▶ [Task prompt]
Please filter the data below down to the lines holding the string "encore".

#### Input for this task ####

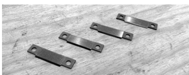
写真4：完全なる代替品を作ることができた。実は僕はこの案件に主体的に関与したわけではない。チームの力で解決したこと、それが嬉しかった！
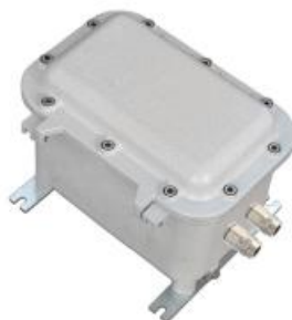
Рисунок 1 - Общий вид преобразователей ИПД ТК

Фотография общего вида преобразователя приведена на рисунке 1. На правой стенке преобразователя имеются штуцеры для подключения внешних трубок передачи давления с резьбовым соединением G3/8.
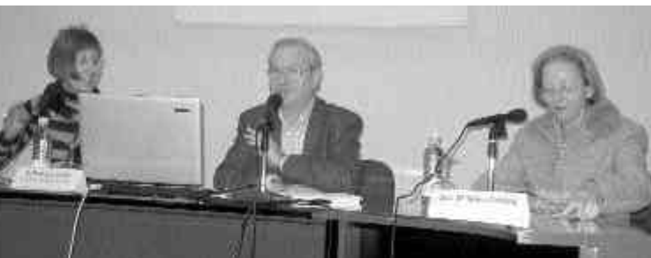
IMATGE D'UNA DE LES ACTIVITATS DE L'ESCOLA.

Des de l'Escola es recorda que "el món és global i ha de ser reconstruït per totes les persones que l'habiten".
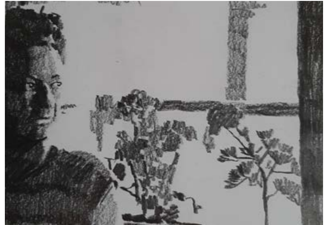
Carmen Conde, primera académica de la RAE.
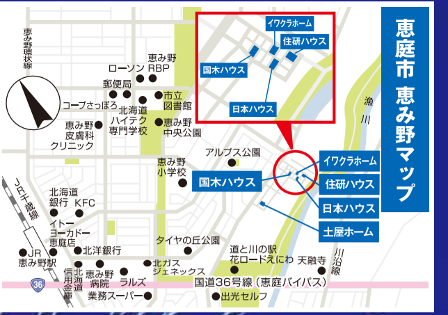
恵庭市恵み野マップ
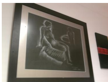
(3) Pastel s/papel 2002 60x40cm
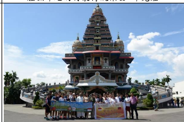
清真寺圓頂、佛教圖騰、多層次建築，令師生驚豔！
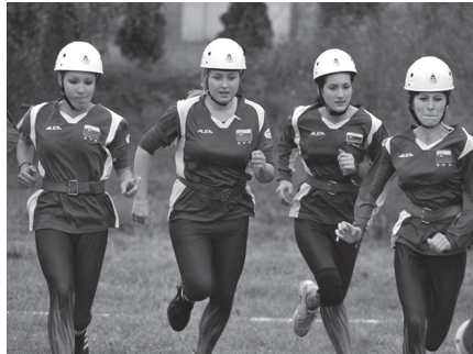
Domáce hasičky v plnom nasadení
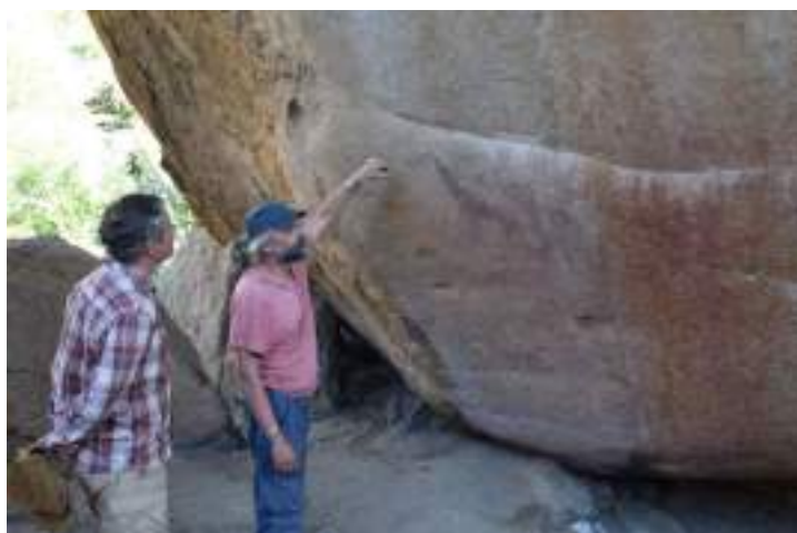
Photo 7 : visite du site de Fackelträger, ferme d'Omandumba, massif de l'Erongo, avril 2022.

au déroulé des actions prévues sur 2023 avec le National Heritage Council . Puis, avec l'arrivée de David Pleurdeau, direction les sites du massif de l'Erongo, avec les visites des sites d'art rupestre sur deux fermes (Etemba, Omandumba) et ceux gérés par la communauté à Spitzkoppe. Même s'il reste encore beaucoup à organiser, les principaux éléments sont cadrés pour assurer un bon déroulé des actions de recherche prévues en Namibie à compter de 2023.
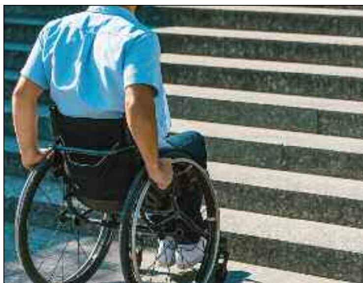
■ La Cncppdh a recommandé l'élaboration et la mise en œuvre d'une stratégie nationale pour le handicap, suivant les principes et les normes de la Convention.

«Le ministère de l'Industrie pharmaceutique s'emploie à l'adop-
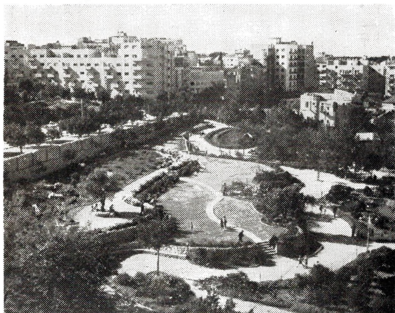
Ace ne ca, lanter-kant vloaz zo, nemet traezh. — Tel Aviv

####
#### Input for this task ####

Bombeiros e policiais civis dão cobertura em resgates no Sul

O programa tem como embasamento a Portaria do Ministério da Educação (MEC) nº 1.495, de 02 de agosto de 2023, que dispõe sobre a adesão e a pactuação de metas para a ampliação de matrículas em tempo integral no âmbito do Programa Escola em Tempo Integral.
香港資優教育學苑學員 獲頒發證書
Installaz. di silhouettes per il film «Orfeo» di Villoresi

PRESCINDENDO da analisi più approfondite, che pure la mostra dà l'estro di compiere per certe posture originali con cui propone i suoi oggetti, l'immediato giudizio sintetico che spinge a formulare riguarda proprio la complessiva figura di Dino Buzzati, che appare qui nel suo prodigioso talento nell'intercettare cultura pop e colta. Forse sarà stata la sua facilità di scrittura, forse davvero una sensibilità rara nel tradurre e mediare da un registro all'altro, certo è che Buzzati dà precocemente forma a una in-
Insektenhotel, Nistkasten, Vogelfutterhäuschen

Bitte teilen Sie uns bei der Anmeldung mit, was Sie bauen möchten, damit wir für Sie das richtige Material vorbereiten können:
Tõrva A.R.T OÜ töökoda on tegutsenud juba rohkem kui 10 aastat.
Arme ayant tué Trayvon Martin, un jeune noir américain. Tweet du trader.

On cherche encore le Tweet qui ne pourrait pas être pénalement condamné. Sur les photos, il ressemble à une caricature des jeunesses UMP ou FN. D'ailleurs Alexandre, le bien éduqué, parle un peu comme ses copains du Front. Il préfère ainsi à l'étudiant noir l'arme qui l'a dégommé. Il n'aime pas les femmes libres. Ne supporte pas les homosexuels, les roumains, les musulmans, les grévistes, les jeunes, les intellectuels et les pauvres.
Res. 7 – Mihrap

####

▶ [Exercise output]
au déroulé des actions prévues sur 2023 avec le National Heritage Council . Puis, avec l'arrivée de David Pleurdeau, direction les sites du massif de l'Erongo, avec les visites des sites d'art rupestre sur deux fermes (Etemba, Omandumba) et ceux gérés par la communauté à Spitzkoppe. Même s'il reste encore beaucoup à organiser, les principaux éléments sont cadrés pour assurer un bon déroulé des actions de recherche prévues en Namibie à compter de 2023.
On cherche encore le Tweet qui ne pourrait pas être pénalement condamné. Sur les photos, il ressemble à une caricature des jeunesses UMP ou FN. D'ailleurs Alexandre, le bien éduqué, parle un peu comme ses copains du Front. Il préfère ainsi à l'étudiant noir l'arme qui l'a dégommé. Il n'aime pas les femmes libres. Ne supporte pas les homosexuels, les roumains, les musulmans, les grévistes, les jeunes, les intellectuels et les pauvres.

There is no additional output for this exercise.